# TASK:
Can you transcribe every entry word for word, skipping the images?

******

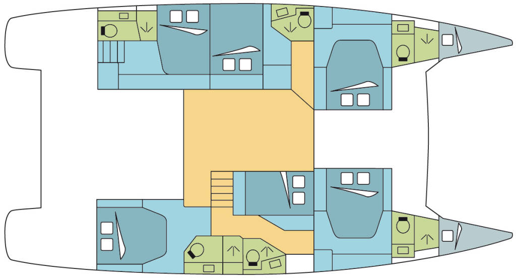+ provisioning, Crew on board must have their own toilets/ showers. If either a skipper or a hostess/cook is on board, 1 double cabin will be required for him/her. If both a skipper and a hostess/cook are on board, 1 double cabin and 1 forepeak cabin will be required for them. Exceptions exists for specific layouts, Sales Agents will provide more details about the different boat models - Payable now
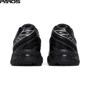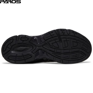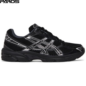 The ASICS Gel 1130 'Black Pure Silver' combines black open-cell mesh with tonal synthetic leather overlays. Metallic silver accents land on the signature tiger stripes, toe wrap and heel overlay. Grey textile lines the collar, maintaining the shoe's neutral palette. Lightweight cushioning arrives via a solid black EVA midsole with a shock-absorbing Gel insert in the heel.
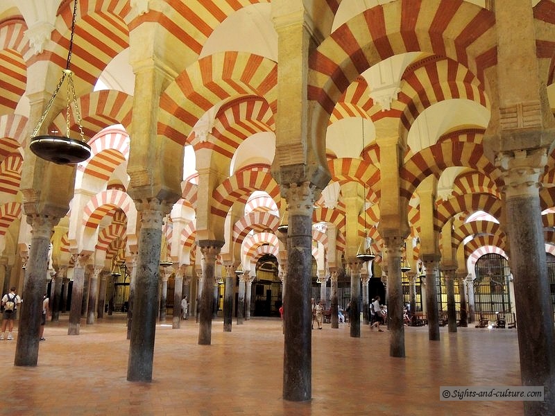 Built on top of Christian city on top of Roman ruins (1st c. Roman temple became 5th c. Christian Church became 7th c. 1/2 church 1/2 mosque became 784 new mosque became 1236 Christian cathedral inside mosque)
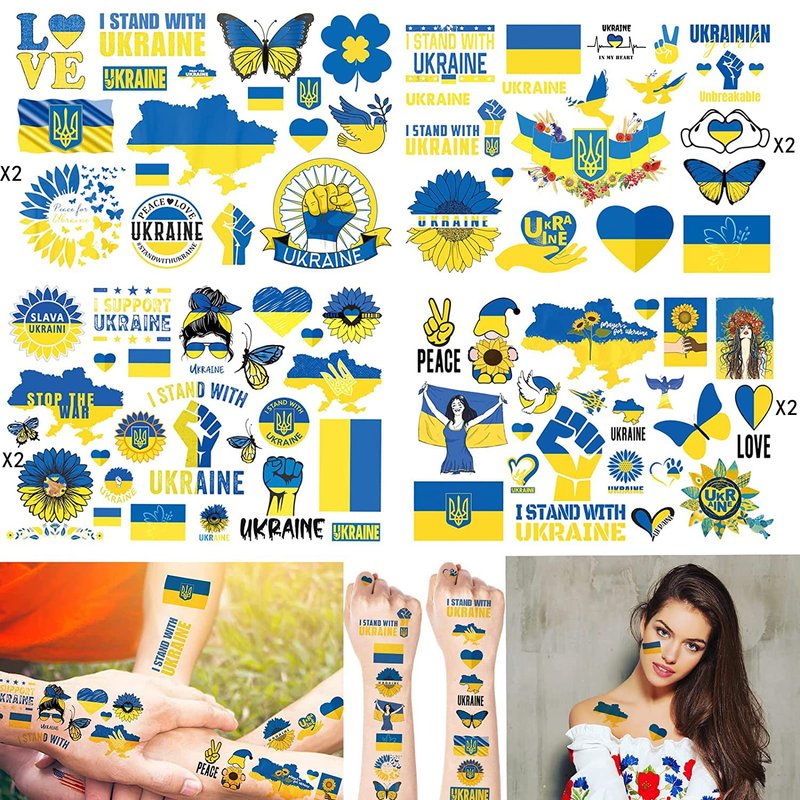 - 【Multiple Interesting Combinations】You will receive 8 sheets of Ukraine theme temporary tattoo stickers. Unique Patriotic Theme tattoos are so cute and perfect. It has many options of different designs to match your friend's/family's Independence Day decorations. Different sizes of pattern size designs can also be used for the face, hand, and body.
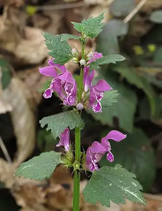 - ↑ Lamium maculatum im Germplasm Resources Information Network (GRIN), USDA, ARS, National Genetic Resources Program. National Germplasm Resources Laboratory, Beltsville, Maryland.
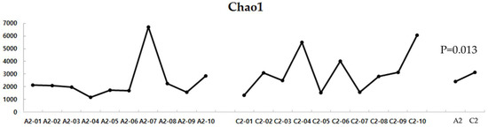 Alpha diversity of the UC and HC groups. UC, ulcerative colitis; HC, healthy control; A2, ulcerative colitis patient group; C2, healthy control group.

******

# WRITTEN SOLUTION:
+ provisioning, Crew on board must have their own toilets/ showers. If either a skipper or a hostess/cook is on board, 1 double cabin will be required for him/her. If both a skipper and a hostess/cook are on board, 1 double cabin and 1 forepeak cabin will be required for them. Exceptions exists for specific layouts, Sales Agents will provide more details about the different boat models - Payable now
 The ASICS Gel 1130 'Black Pure Silver' combines black open-cell mesh with tonal synthetic leather overlays. Metallic silver accents land on the signature tiger stripes, toe wrap and heel overlay. Grey textile lines the collar, maintaining the shoe's neutral palette. Lightweight cushioning arrives via a solid black EVA midsole with a shock-absorbing Gel insert in the heel.
 Built on top of Christian city on top of Roman ruins (1st c. Roman temple became 5th c. Christian Church became 7th c. 1/2 church 1/2 mosque became 784 new mosque became 1236 Christian cathedral inside mosque)
 - 【Multiple Interesting Combinations】You will receive 8 sheets of Ukraine theme temporary tattoo stickers. Unique Patriotic Theme tattoos are so cute and perfect. It has many options of different designs to match your friend's/family's Independence Day decorations. Different sizes of pattern size designs can also be used for the face, hand, and body.
 - ↑ Lamium maculatum im Germplasm Resources Information Network (GRIN), USDA, ARS, National Genetic Resources Program. National Germplasm Resources Laboratory, Beltsville, Maryland.
 Alpha diversity of the UC and HC groups. UC, ulcerative colitis; HC, healthy control; A2, ulcerative colitis patient group; C2, healthy control group.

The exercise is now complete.